35. Por su bien
El ruido de los cubiertos chocar con los platos de cerámica le chillan en los oídos mientras los tres almuerzan juntos, como una familia unida. Aquel ruido le permite concentrarse en su hijo, en Dalí. Come sin ningún tipo de remordimientos, como si no tuviera nada que lo molestara o nada que ocultar. Se ve como su inocente y perfecto hijo. Pero es sólo el disfraz que lleva puesto para presentarse ante ella y a su padre, que come de la misma forma que él, fingiendo que nada sucede. Todos en esa mesa son unos mentirosos. Pero al final del juego los ganadores son los que tienen la razón, y Dalí está muy errado.

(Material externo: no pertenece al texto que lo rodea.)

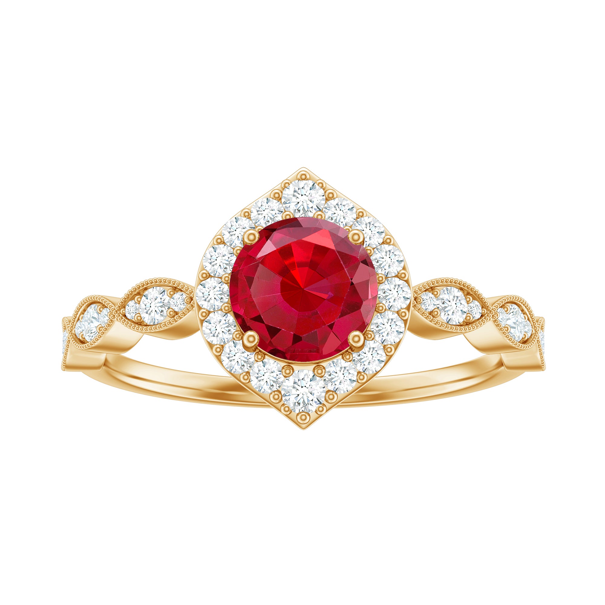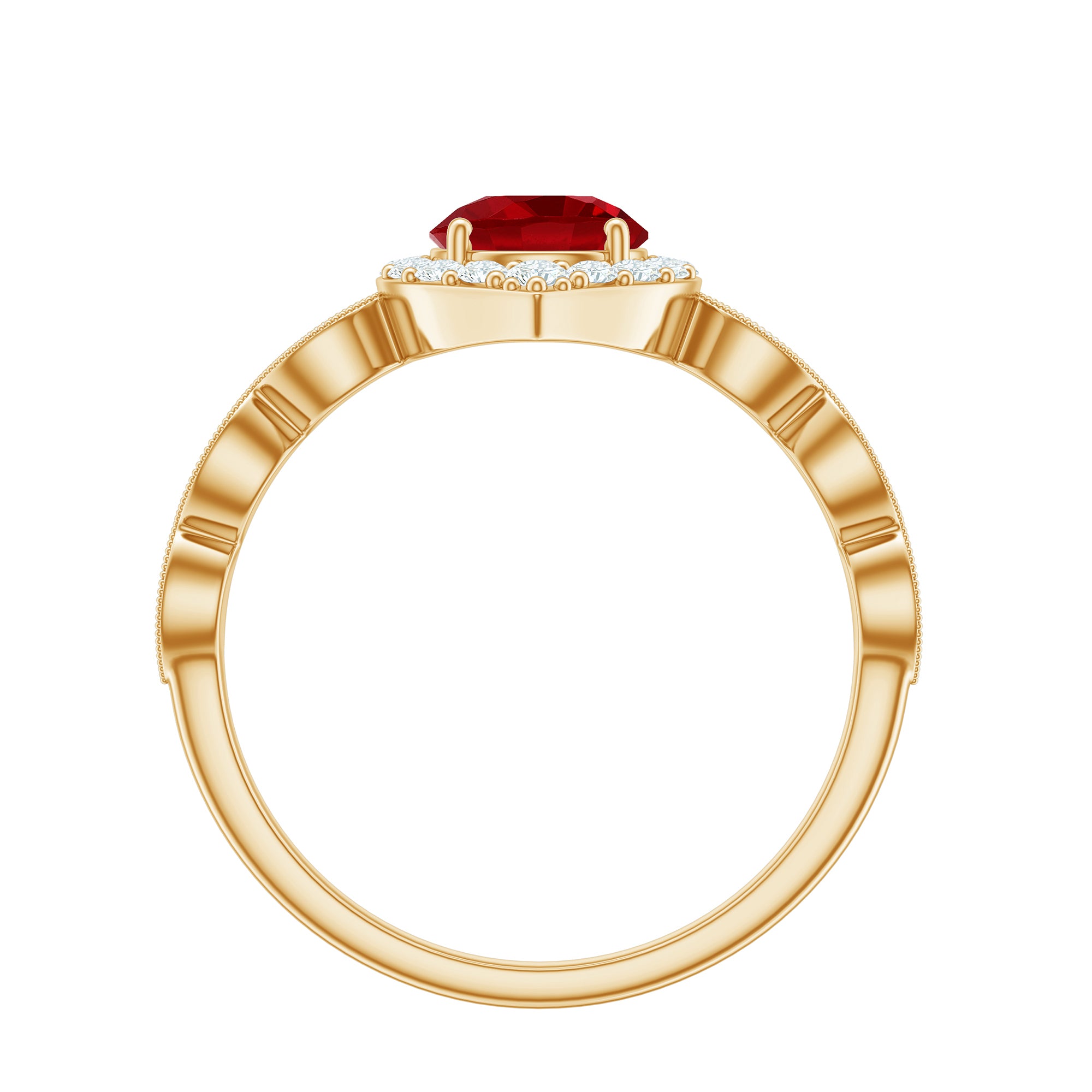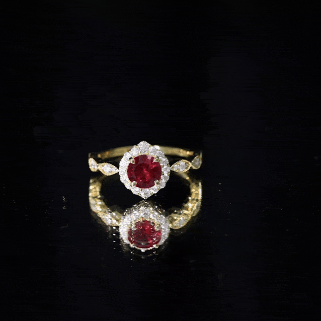 This beautiful Vintage Lab Created Ruby and Moissanite Ring features a round-cut created ruby in a prong setting with moissanite accents. Made of solid gold, it is a gorgeous piece of jewelry that she will love wearing all day long. Present this ring and watch her heart skip a beat.

—¿Cómo te va en la universidad? —pregunta sin tocar su comida.
—Me va muy bien —Dalí sonríe mientras traga—. De maravilla. Pasé la primera prueba de aptitud.
—¿En serio? —ella no está muy feliz por eso.

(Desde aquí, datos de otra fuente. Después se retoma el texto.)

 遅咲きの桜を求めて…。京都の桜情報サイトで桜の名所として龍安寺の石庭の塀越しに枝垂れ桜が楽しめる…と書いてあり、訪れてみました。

—¡Sí! En unos días será la segunda y última prueba.
—De seguro que son muy difíciles.
—Sí, pero el esfuerzo lo hace todo.
Se le queda viendo.
Tan tranquilo. Ese de ahí no puede ser el Dalí que conoce, su hijo, al que dio a luz hace 20 años, al que ha criado con los mejores valores y enseñanzas. El Dalí que tiene al frente es un hombre que desconoce, uno corrompido.
Raimundo se le queda viendo por unos segundos, pero ella lo ignora. Si él no hace algo, ella lo hará.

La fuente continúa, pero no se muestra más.